PAYMENT OF CHARGES AND INDEMNITY. The conditions relative to the freight are
jointly applicable to charges, premiums and eventual claims of the Carrier for
indemnity and demurrage.
24.
CUSTOMS, ETC. The shipper and receiver are obliged to fulfil all regulations
relative to the cargo of all ports, Customs and other authorities and to pay
and/or indemnify the Carrier for all costs and damage in consequence of the non
fulfilment of these regulations, furthermore to pay and/or indemnify the Carrier
for all duties and fines imposed for whatsoever reason by one or any of the
aforementioned authorities, relative to the cargo the Carrier having the right
before delivery, to ask for a deposit and/or sufficient security in accordance
with clause 25 of this contract for any such dues and fines imposed or expected
to be imposed.
25.
SECURITY AND LIEN. If the freight and any further charges or expenses
incurred by the Carrier that are due, have not been paid or – in case the
freight is payable by a party other than the receiver, including freight to be
prepaid – if advice of payment has not yet been received the Carrier – is at
liberty before the discharge of the cargo is commenced to demand a deposit or
other sufficient security for the freight, charges and expenses; if no
sufficient deposit or other security is given, the Carrier is a liberty to store
the cargo at the expense and at the risk of the Merchant.
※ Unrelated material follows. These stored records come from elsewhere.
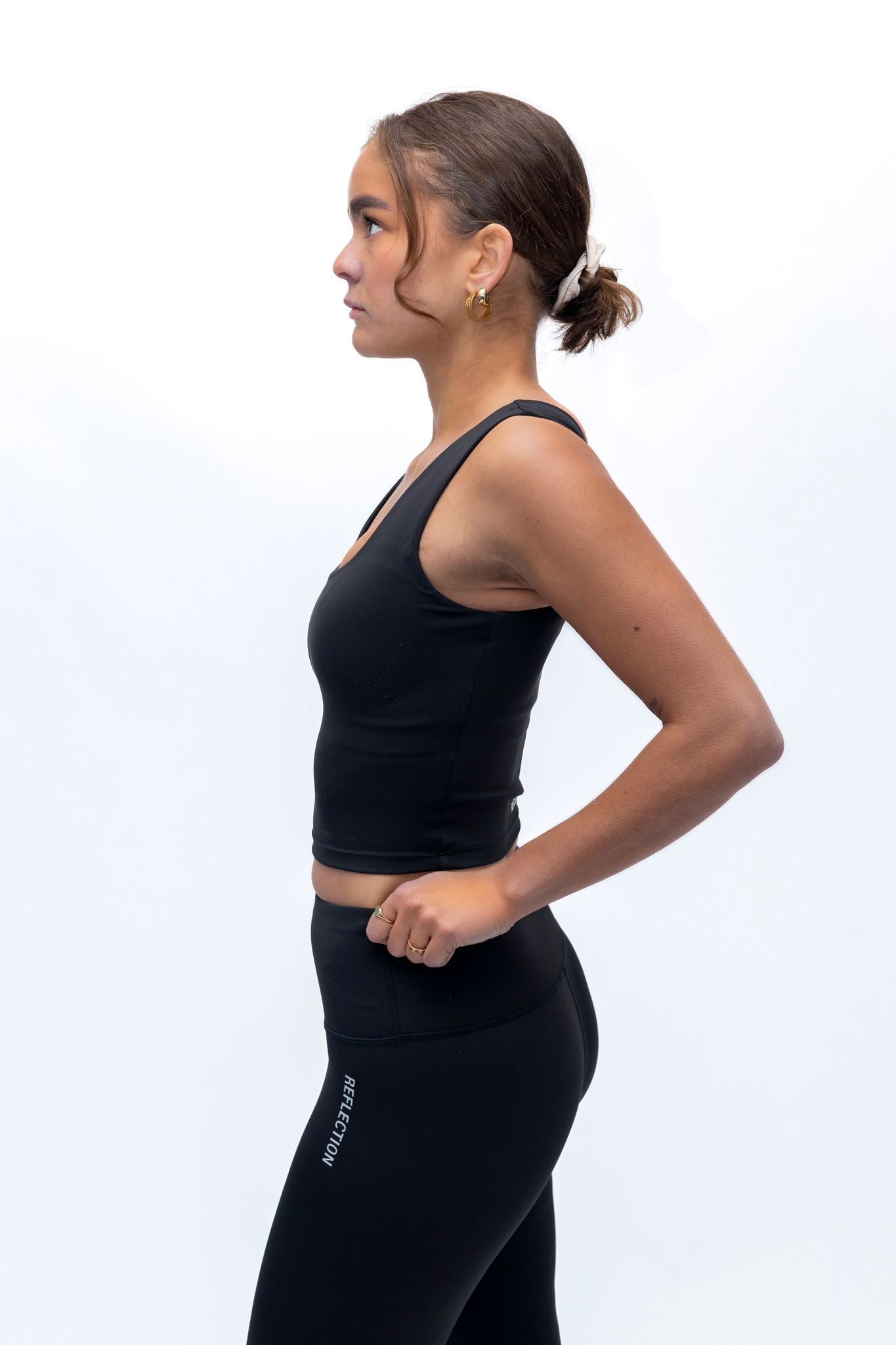 Stay stylish and supported with this reflective crop top, perfect for high-performance workouts. It features moisture-wicking, four-way stretch fabric for breathability and freedom of movement, plus an integrated padded layer for added comfort and support. Ideal for early morning or evening exercise, this top combines functionality with a sleek, fitted design for the active woman.
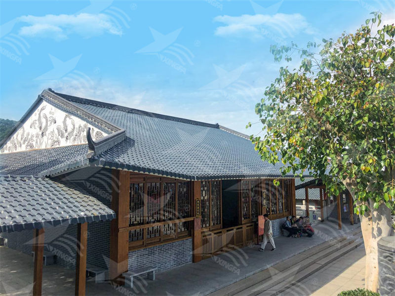 樹脂瓦兼具仿古和現(xiàn)代造型,外觀細膩,無色差,整體磨料均勻,大幅提升了建筑的美觀度。無論是新農(nóng)村建設還是城市建筑,樹脂瓦都能與各種風格完美融合,為建筑增添獨特的視覺效果。
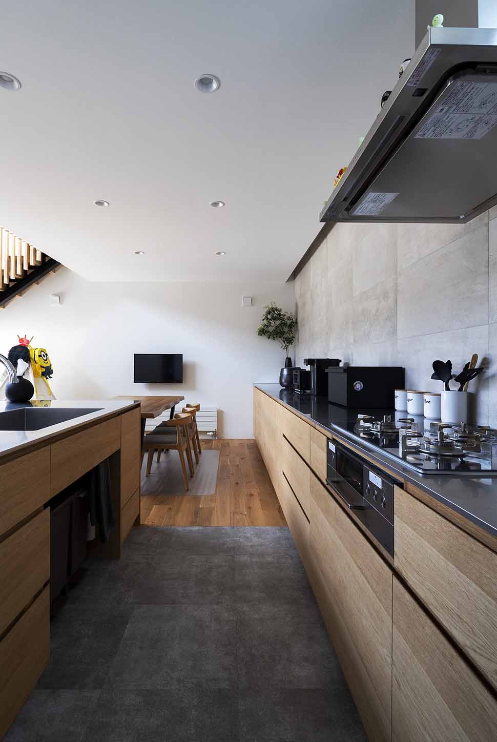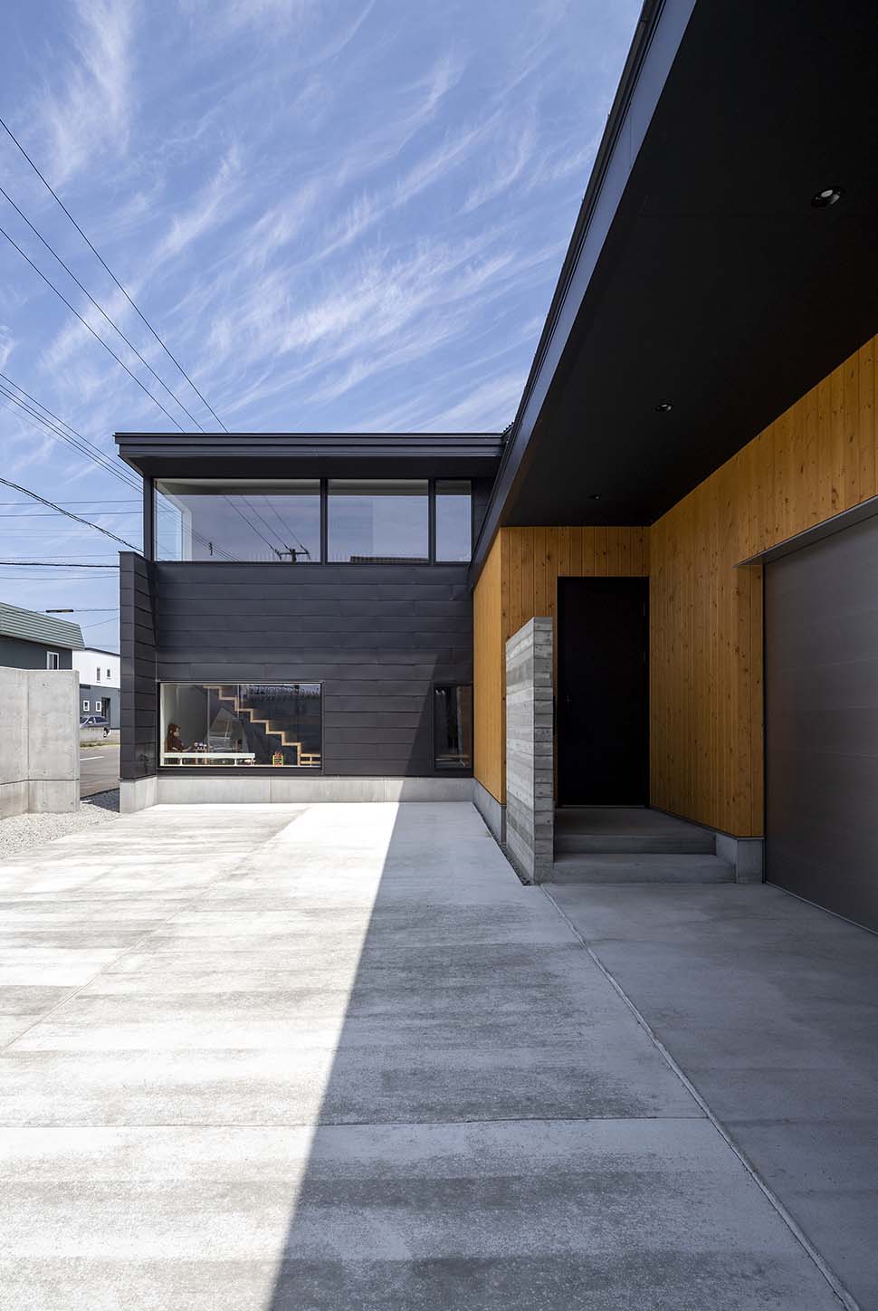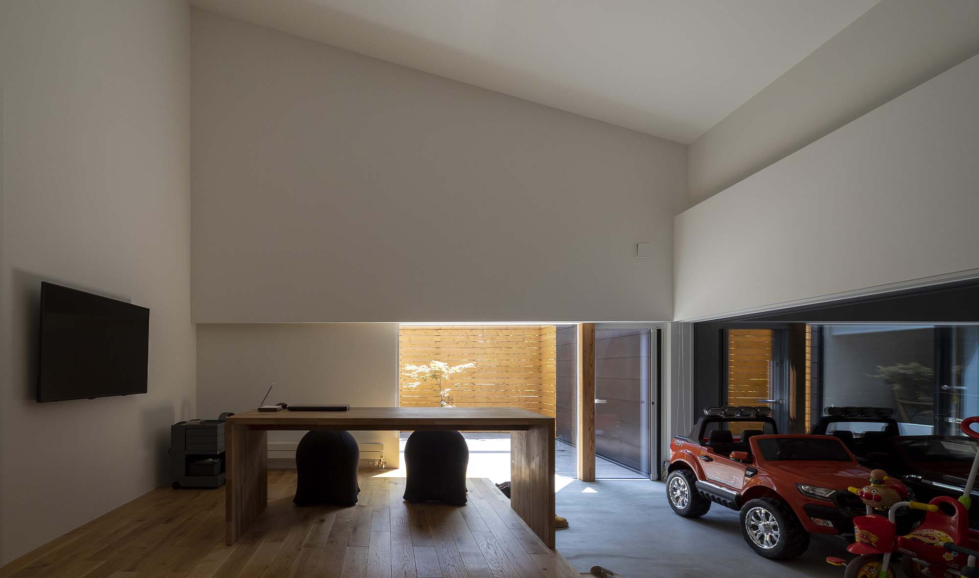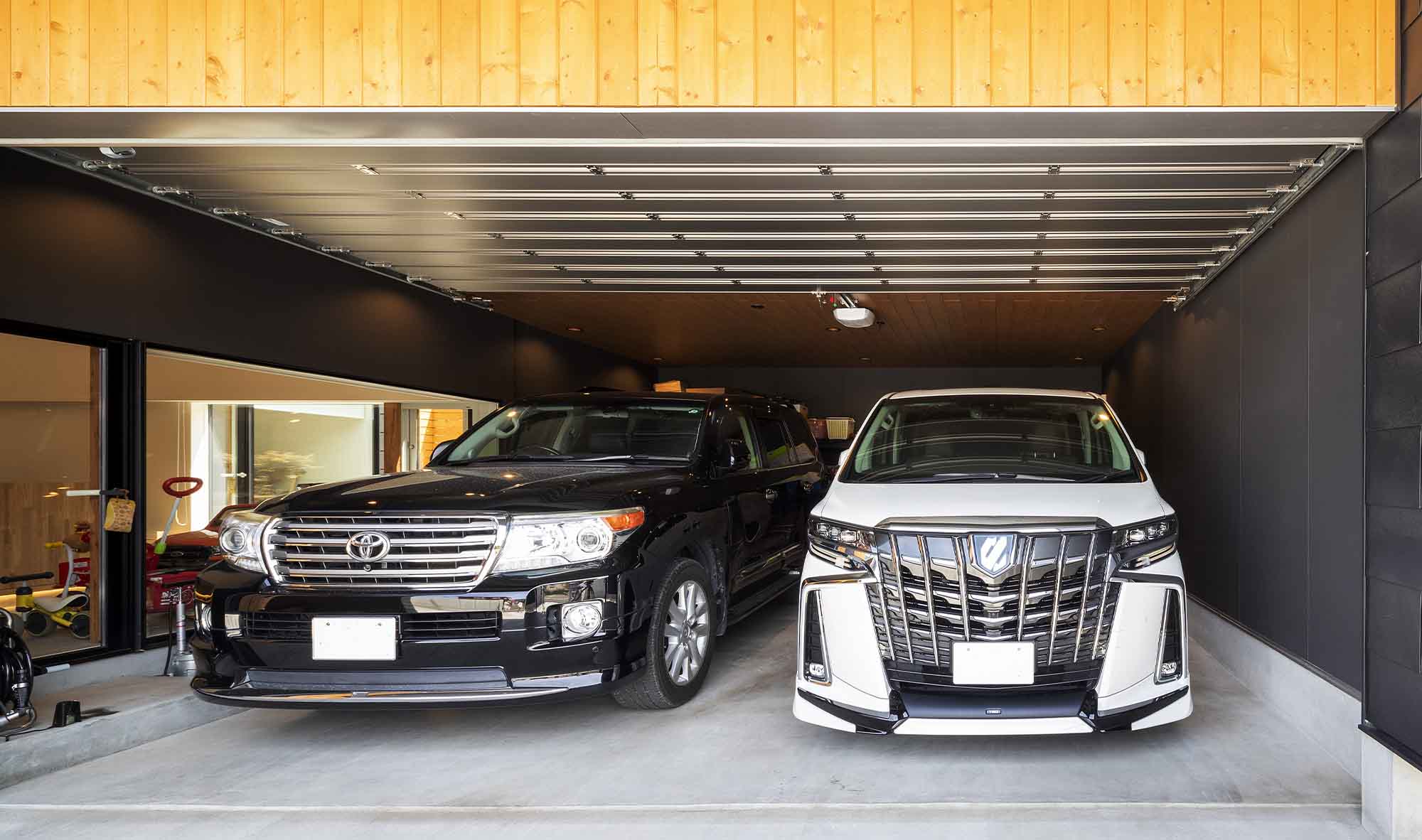 外観はガルバリウムと木の融合で、シャープな表情にやわらかな印象も滲む。 同時に複数の車の出し入れも可能なガレージ前と1枚のアルミシャッター。 玄関を入ると右手に仕事場がありながら、生活の場であるリビングダイニングもちらりと見える。繋がるように広がっていく、まさにオープンな空間。 天井高、開口部、採光と生活スペースのレイアウトバランスがよいため、広々とゆったりした感覚に包まれる。2階には客間兼和室、寝室と子ども部屋そしてクローゼット。なおかつ「キッチンから洗濯、お風呂、手洗いそしてリビングへの動線など、とても暮らしやすいです」と奥様。

The Carrier shall have
a lien upon goods or documents, which shall survive delivery, for any claims or
amounts due under this contract and costs of recovering same, and shall be
entitled to sell the goods privately or by auction to cover such claims or
amounts.
If on sale of
the goods the proceeds fail to cover the amount due and costs and expense
incurred, the Carrier shall be entitled to recover the difference from the
Merchant.
26.
GENERAL AVERAGE. General Average shall be adjusted in or at any port or
place at Carrier’s option according to York Antwerp Rules 1974 as amended 1990.
The Carrier has the right to refuse or prevent delivery of the goods until the
Receivers shall sign average bond and declare in writing for each parcel
separately the value of the goods. The receivers shall if required, furnish to
the Carrier such security or such deposit as the Carrier or his Agent, without
prejudice, may deem sufficient to cover the estimated contribution in
calculating general average contribution, freight to be added to the value of
the goods. The same to be applied to cover estimated contribution of the goods
in any salvage and/or special charges.
27. NEW
JASON CLAUSE, WAR RISK CLAUSES 1 AND 2, BOTH TO BLAME COLLISION CLAUSE are
deemed to be incorporated in this Bill of Lading. Both to blame collision clause
to remain in effect even if unenforceable in the courts of the United States of
America.
28.
SALVAGE. In case of salvage the measures and arrangements of the Carrier or
the Master shall be collectively binding the Merchant.